Within a week of Hamlin’s injury, manufacturers of automated external defibrillators (AEDs) ran out of stock in the United States. According to Curry, there is still a backlog of orders for the machines.
“In every ballpark in the United States of America, there should be an AEP and someone there trained to perform bystander CPR and immediately apply the AED,” Curry said. “The National Football League has an amazing system. These courts are the safest places to play (the) sport in the world. But if we can make a high school football field safer because of this incident, that would be an amazing result beyond the amazing result that Damar had.”
Hamlin’s Chasing Ms Foundation organized a CPR tour, giving thousands of CPR training sessions while providing AEDs for youth sports. Hamlin also helped introduce the Access to AEDs Act in the US House of Representatives.

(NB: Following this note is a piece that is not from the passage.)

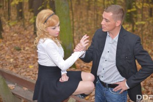 Redhead barely legal teen in a miniskirt goes out back to have a smoke and gets caught so she offers anal satisfaction in exchange for the guys silence which he gladly accepts and pulls out his dick ordering her to spit on it to get it wet and sloppy for her tight tiny asshole

UC Medical Center also has expanded its CPR training program, reaching out into the community to teach people how to perform CPR themselves as well as use AEDs.

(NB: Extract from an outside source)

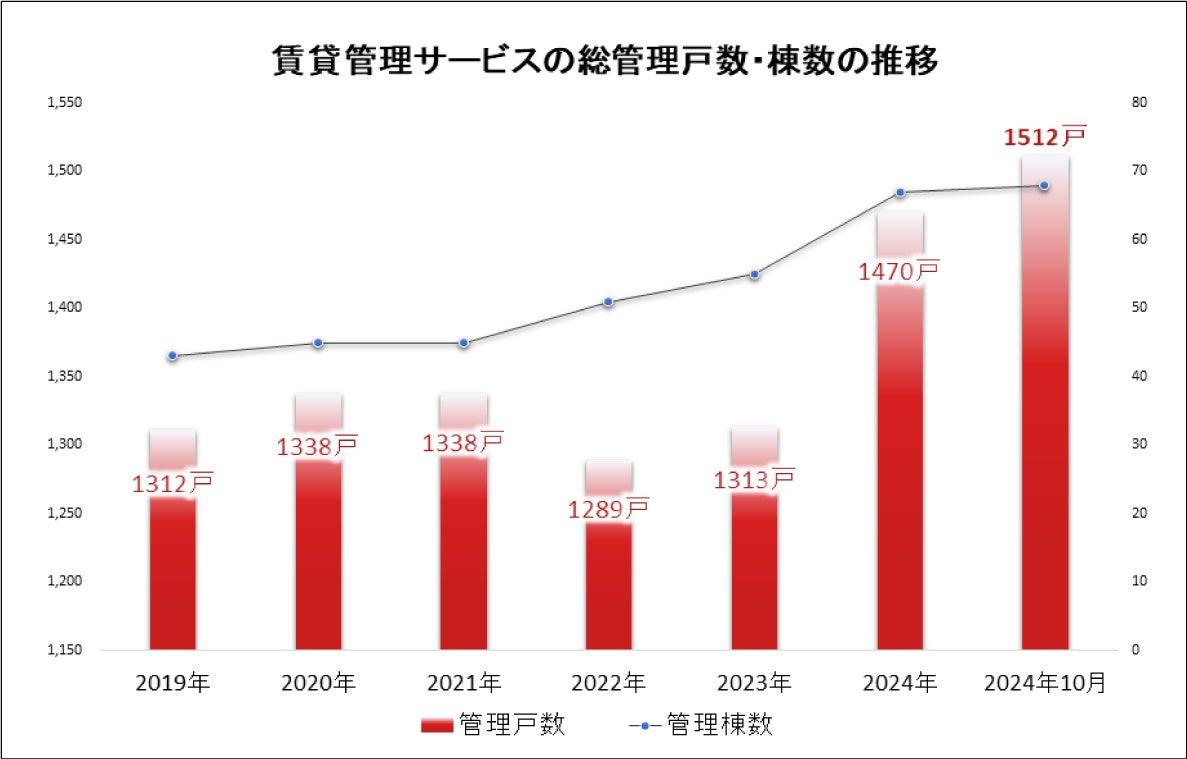 自社の賃貸物件の管理業務で培ったノウハウを一般のオーナーにも間口を広げることで、一人でも多くのオーナーや入居者に喜んでもらいたいという一心で事業を拡大し、2024年10月1日時点で総管理戸数1,512戸、総管理棟数68棟と、管理棟数・戸数共に右肩上がりで増加しています。

It was about 16 hours after the collapse that Hamlin woke up. Although he was still intubated, he was able to follow simple commands, wiggling his right toes and holding up his left thumb. That’s when everyone on the team started to feel better.
Curry said he couldn’t sleep until he got that phone call. Bush had slept the night before, but woke up in tears because his heart was so heavy.
It wasn’t until that Friday night, four days after Hamlin collapsed on the field, that Busch was able to see him in person again. By this time, Hamlin was off the ventilator and his family joined him in the room. Busch recalled that when he shared how Hamlin’s breath worked for him, Hamlin smiled “from ear to ear.” The two then slapped their chests, a symbol of their mutual respect and new bond.
“That was a sense of relief,” Bush said. “And I got to hug his mom.”
The Bills and Hamlin return to Paycor Stadium on Sunday night. On Saturday, Busch will join Hamlin, his family and many others at a steakhouse in downtown Cincinnati to celebrate.